С диким криком, совершенно не слыша себя, он махал клинком, стремясь попасть по рукам, тянущимся, чтобы стащить его из седла, по головам и куда попало, совершенно забыв все наставления по фехтованию. Он просто бил яростно и слепо всех, кто стоял на его пути. Вот раскалывается голова одного, вот другой роняет копье и хватается за разрубленное плечо. Рядом сражаются товарищи, но он почти их не видит. Все внимание направлено вперед и на угрожающих ему людей.
Почти человеческими голосами вскрикивают раненые лошади, одна из них валится набок, подминая под себя всадника и не успевших отскочить поляков. Дико бьет копытами, и не дай Аллах попасть под удар. Крики убиваемых и раненых людей стоят над полем, гремят выстрелы, звенит сталь оружия. Рубить… Колоть… Топтать… Мыслей в голове нет. Есть враги, пытающиеся его уничтожить.
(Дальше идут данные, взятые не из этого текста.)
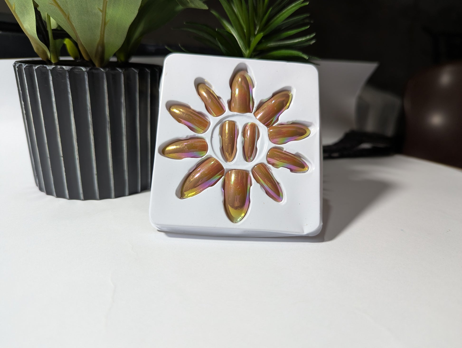 This kit features 10 beautiful, reusable fake nails with an incredible color-shifting finish. Depending on the light, you'll see a mesmerizing golden chrome base with flashes of pink, green, and fiery orange, creating a true "Aurora Effect" or Holographic look.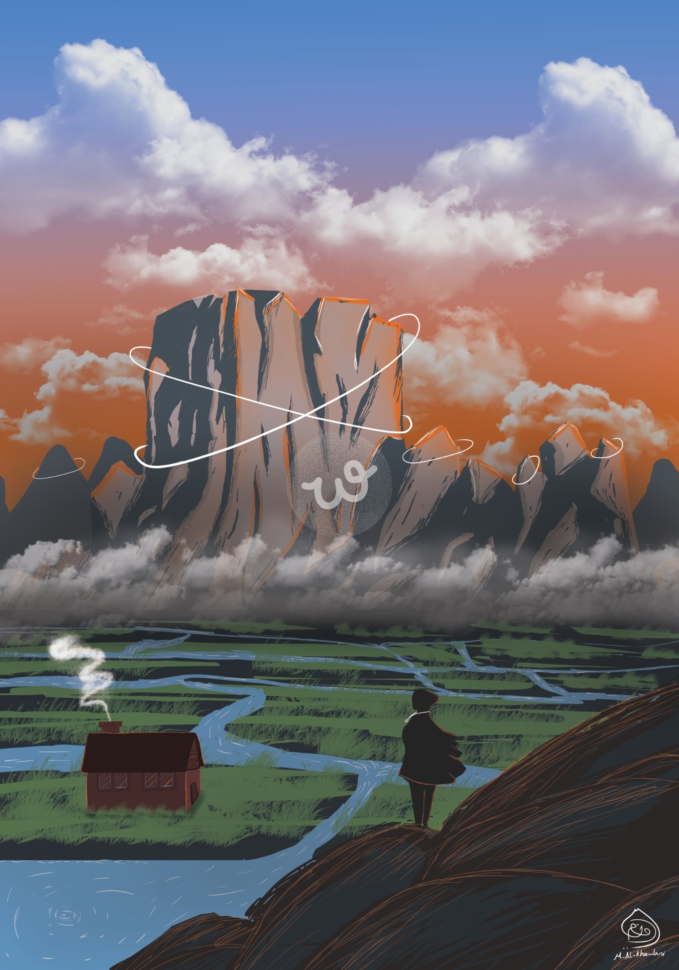منظر خيالي لغروب وجبال ووديان حيث ان الجبال يوجد فيها لعنه ولابد من الشخصية من فك اللعنه من خلال القلاده الموجودة في عنقها
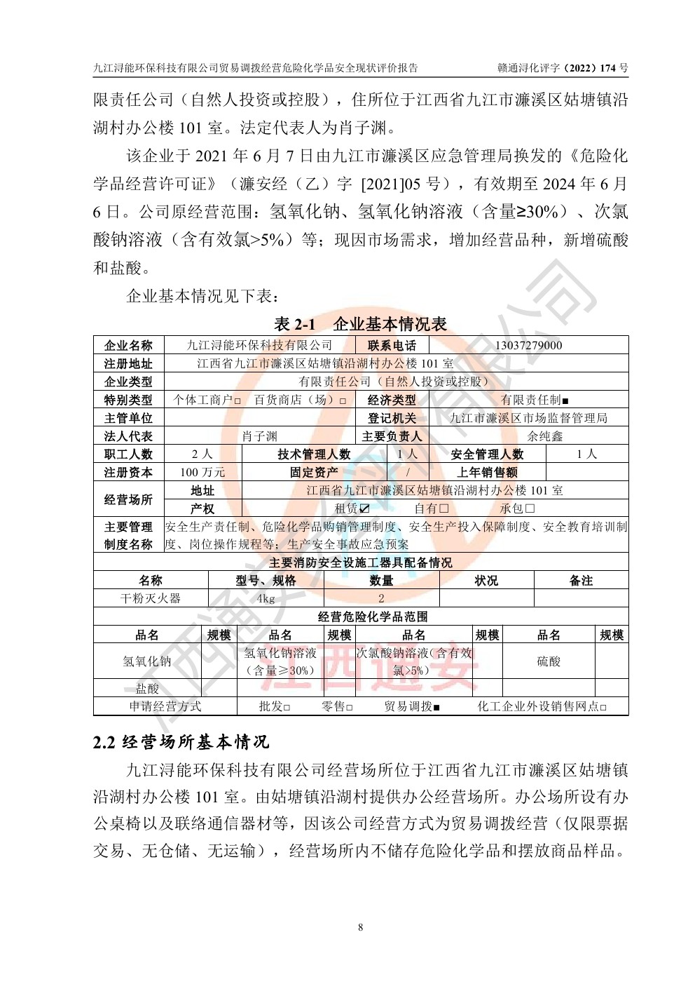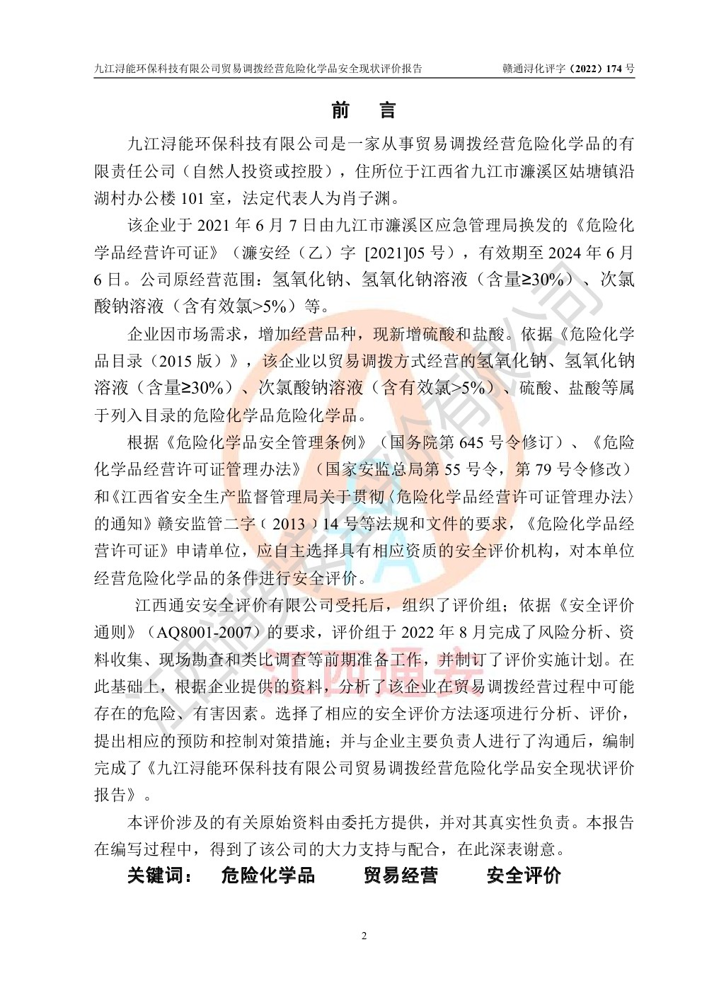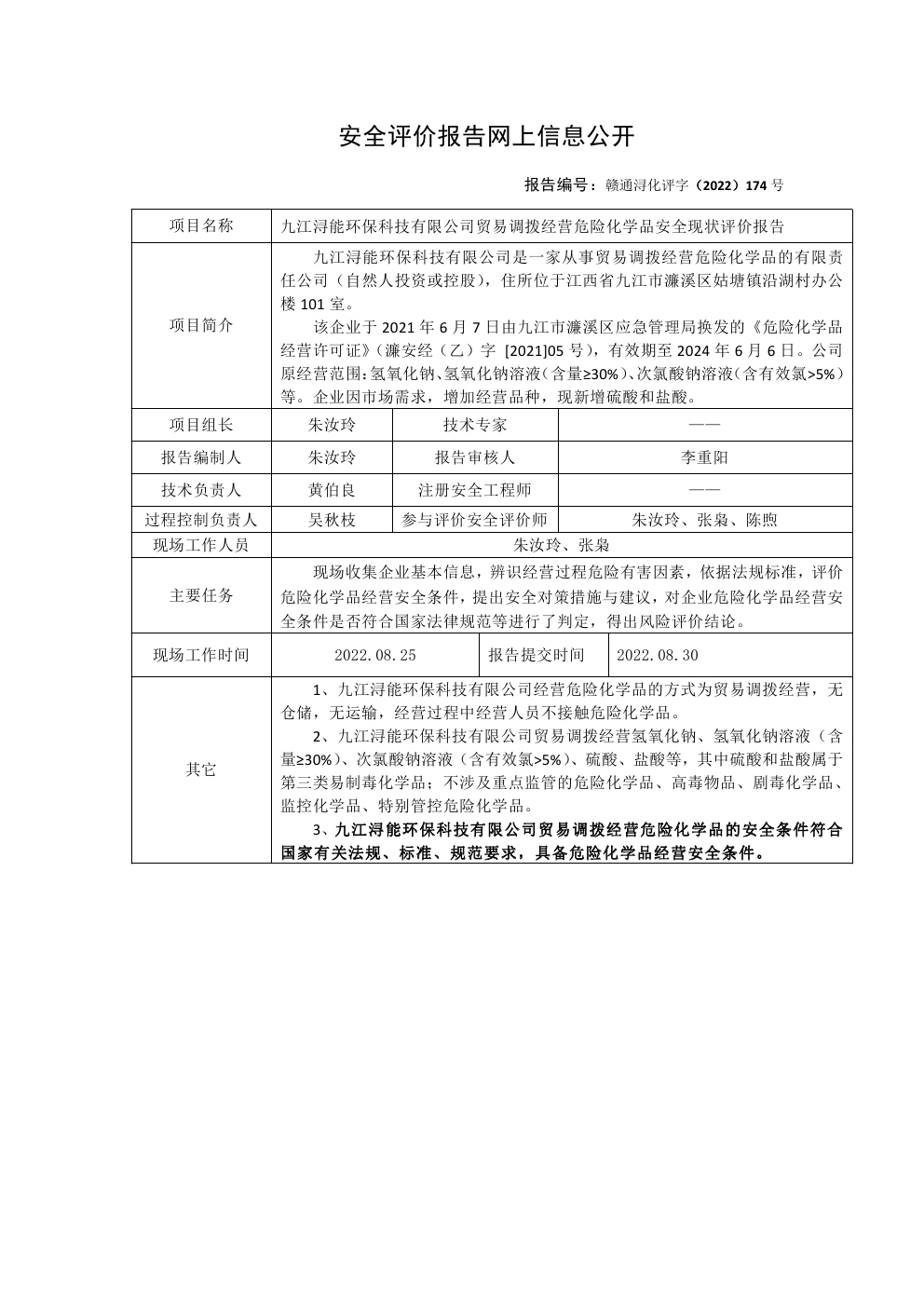 九江潯能**科技有限公司貿(mào)易調(diào)撥經(jīng)營危險化學(xué)品安全現(xiàn)狀評價報告

Вот еще один сшибается Орликом, другой, воя от боли, зажимает рассеченный живот, из которого вываливаются почему-то синие кишки. Лесьер неожиданно обнаруживает перед собой пустоту. Он прорвался сквозь строй, и конь несет его дальше.
Рядом обнаруживаются и другие драгуны. Ахманов, скалясь жуткой улыбкой, делает хорошо понятный жест, и Темиров, сообразив, кричит сорванным голосом, собирая солдат. Горнист не находится, но, повинуясь командам, драгуны разворачиваются для новой атаки, задерживаясь, только чтобы проверить сбрую. Лесьер вытянул руку с саблей, указывая на распавшийся вражеский строй, и вонзил шпоры в бока Орлика. С криками и свистом почти полсотни драгун понеслись за ним. Туда, где еще сражались недобитые остатки поляков. Когда драгуны ударили в тыл, сопротивление окончательно прекратилось.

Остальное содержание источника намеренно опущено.